Pilares da Preservação:

  1. Documentação: Arquivos README.txt ou Dicionários de Dados que explicam o conteúdo.
  2. Formatos Abertos: Migrar de formatos proprietários (.xlsx) para abertos (.csv) para evitar obsolescência tecnológica.
  3. Repositórios Institucionais: Depositar dados em locais seguros (ex: Repositórios de Universidades, Zenodo) em vez de apenas HDs externos.

5. Compartilhar: Abrindo as Portas para a Ciência Aberta

Compartilhar aumenta o impacto do seu trabalho. Para isso, os dados devem seguir os Princípios FAIR:

PrincípioDescriçãoFerramenta/Ação
Findable (Encontrável)Devem ser facilmente achados por humanos e máquinas.Uso de DOI (Digital Object Identifier).
Accessible (Acessível)Devem estar disponíveis em repositórios públicos.Acesso Aberto (Open Access).
Interoperable (Interoperável)Devem “conversar” com outros sistemas.Uso de formatos abertos e metadados padrão.
Reusable (Reutilizável)Devem ter licenças claras de uso.Licenças Creative Commons (ex: CC BY).

6. Reutilizar: O Verdadeiro Legado da Pesquisa

A reutilização fecha o ciclo. Dados bem geridos permitem que:

  • Você mesmo retome a pesquisa anos depois sem dificuldades.
  • Outros pesquisadores validem seus resultados.
  • A ciência avance através de metanálises e novas descobertas baseadas em dados existentes.

Guia de Formatos de Arquivo

Abaixo, os formatos mais indicados para cada necessidade na gestão de dados:

1. Texto e Documentação

  • .txt (Plain Text): Ideal para README e anotações simples. Alta preservação.
  • .docx (MS Word): Uso cotidiano. Para arquivamento, prefira converter para .pdf/A ou .odt.
  • .pdf/A: Versão específica para arquivamento e preservação digital.

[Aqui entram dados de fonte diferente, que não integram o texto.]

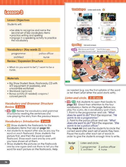 Lower level: Ask students for more information after checking the answer. Say: “Number one,” and have the students respond: “singer.” Say: “Whatdoyouwantto be?” and have the students respond: “I want tobeasinger.” Continue for each word.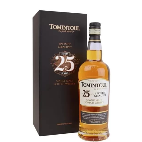 A Tomintoul 25 Years egy kiváló single malt scotch, amely a Tomintoul lepárló kifinomult stílusát és a hosszú érlelés előnyeit egyesíti. Ez a whisky a tapasztalt whisky rajongók és gyűjtők számára kínál egyedülálló élményt, és tükrözi a minőség iránti elk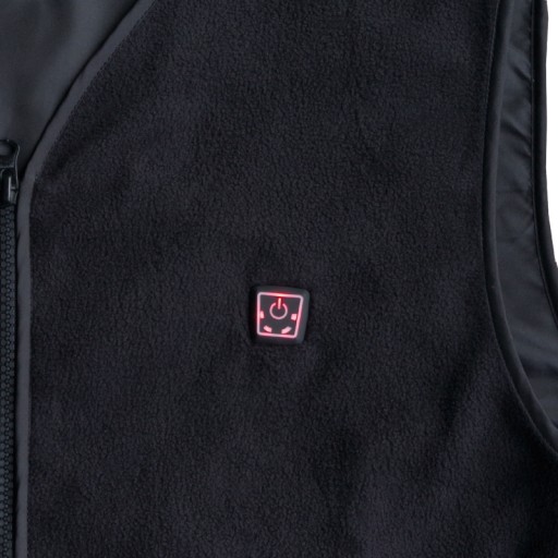 - Element grzewczy umieszczony jest z przodu i z tyłu kamizelki, co zapewnia równomierne rozprowadzanie ciepła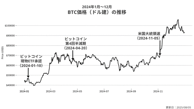 たとえば、ビットコイン価格は2024年に一時10%超の下落を記録しました。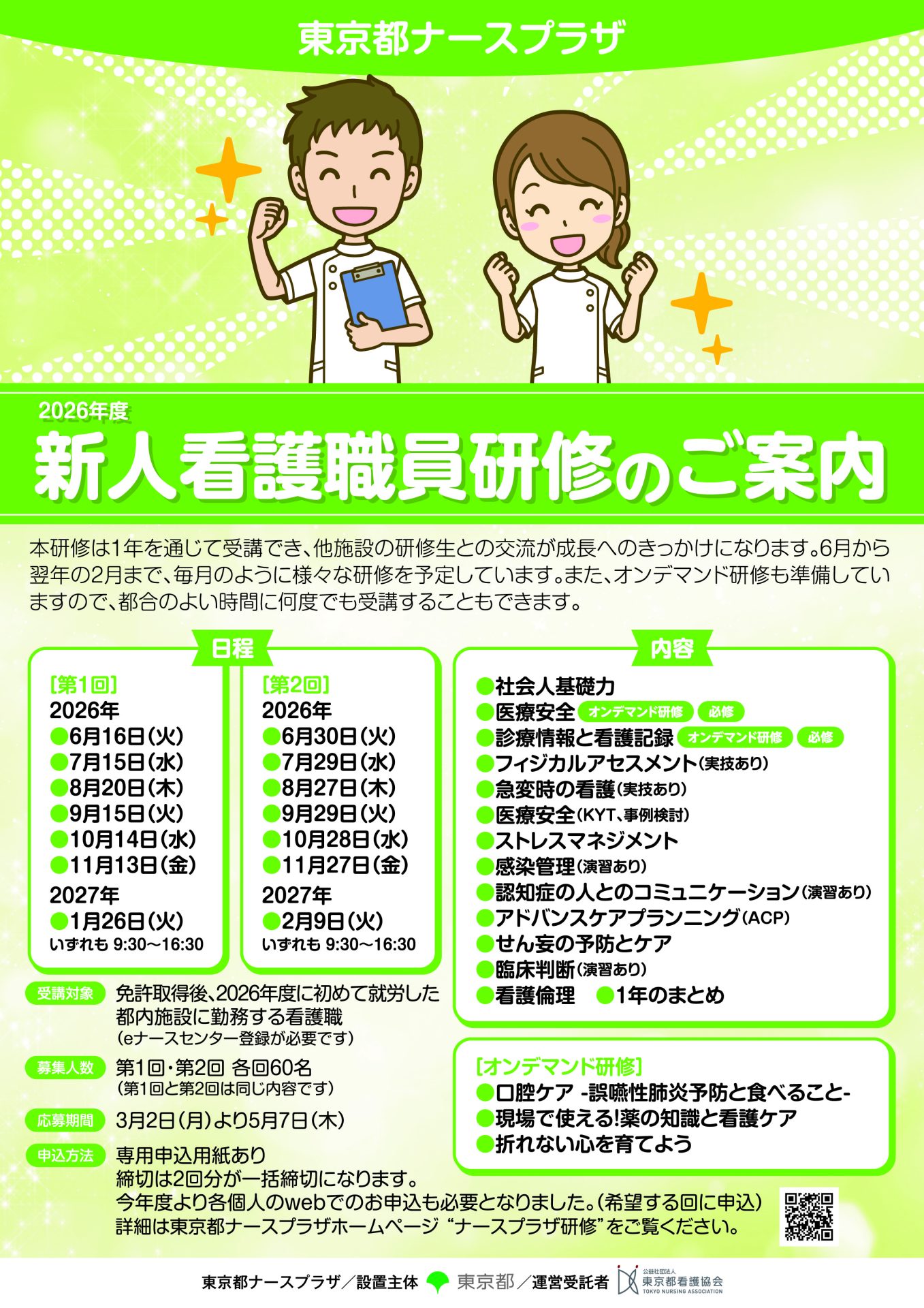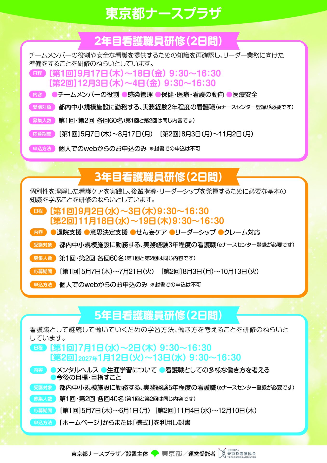 ・東京都ナースプラザ 研修係 TEL:03-6304-2077(研修係直通 平日 9:00~17:00) MAIL:お問い合わせフォームはこちら

2. Planilhas e Dados Estruturados

  • .csv: O padrão ouro para intercâmbio de dados brutos. Universal.
  • .xlsx: Ótimo para análise e fórmulas, mas deve ser exportado para .csv para compartilhamento.

3. Imagem e Gráficos

  • .jpg: Fotografias (compressão com perda).
  • .png: Gráficos e logos (sem perda, suporta transparência).
  • .tiff: Alta qualidade para preservação e impressão.
  • .svg: Imagens vetoriais (infográficos) que não perdem qualidade ao ampliar.

4. Áudio e Vídeo

  • .wav: Áudio sem compressão (alta fidelidade para transcrições).
  • .mp3: Distribuição e consumo rápido.
  • .mp4: Formato universal para vídeos.

5. Código e Dados de Sistemas

  • .json / .xml: Troca de dados entre sistemas e armazenamento de dados complexos.
  • .zip / .rar: Agrupamento de pacotes de dados para facilitar o download.